The evaluation methodology remained consistent with preceding settings, employing ITU-T P.835 criterion alongside WAcc to holistically assess speech and background noise quality improvements. Aero-scoring of performance was executed following a systematic ranking metric aggregating both objective and subjective indices.

Results and Implications

Submissions showcased varied approaches with the top models optimizing speech intelligibility and noise suppression even under heterogeneous conditions. The analyses of mobile versus desktop data offered insight into device-specific challenges, invoking potential optimizations for asymmetrical audio processing.

Future Directions

Acknowledging the strides made, the paper notes an uncharted path in precise speech quality attainment, epitomizing the ongoing nature of DNS research.
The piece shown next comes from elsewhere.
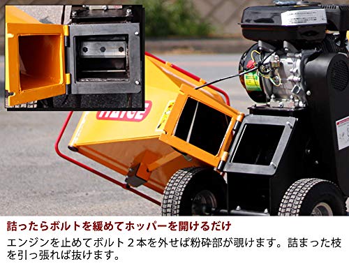 運転時・メンテナンス時の安全性を確保するための2種類の安全装置も付いていて、初めての方にも安全に活用できます。エンジンを止めてボルト2本を外すことにより粉砕部を覗く事もでき、詰まった枝木を引っ張って抜く事も可能です。

The subsequent challenges aim to integrate multifaceted audio data—languages, accents, diverse devices—to simulate pragmatic use cases, accompanied by stringent model profiling for computational efficiencies.

Conclusions

The ICASSP 2022 DNS Challenge enriches the auditory machine learning domain with data-intensive evaluations, sets methodological benchmarks, and propels future research leveraging deep learning paradigms for enhanced real-world communication systems. Researchers are equipped with comprehensive datasets, reference models, and evaluation setups inspiring further innovation in DNS applications. Through collective insights and detailed evaluations highlighted in this piece, the underlying research predicates a trajectory of continued advancement in AI capabilities applied to auditory-focused tasks.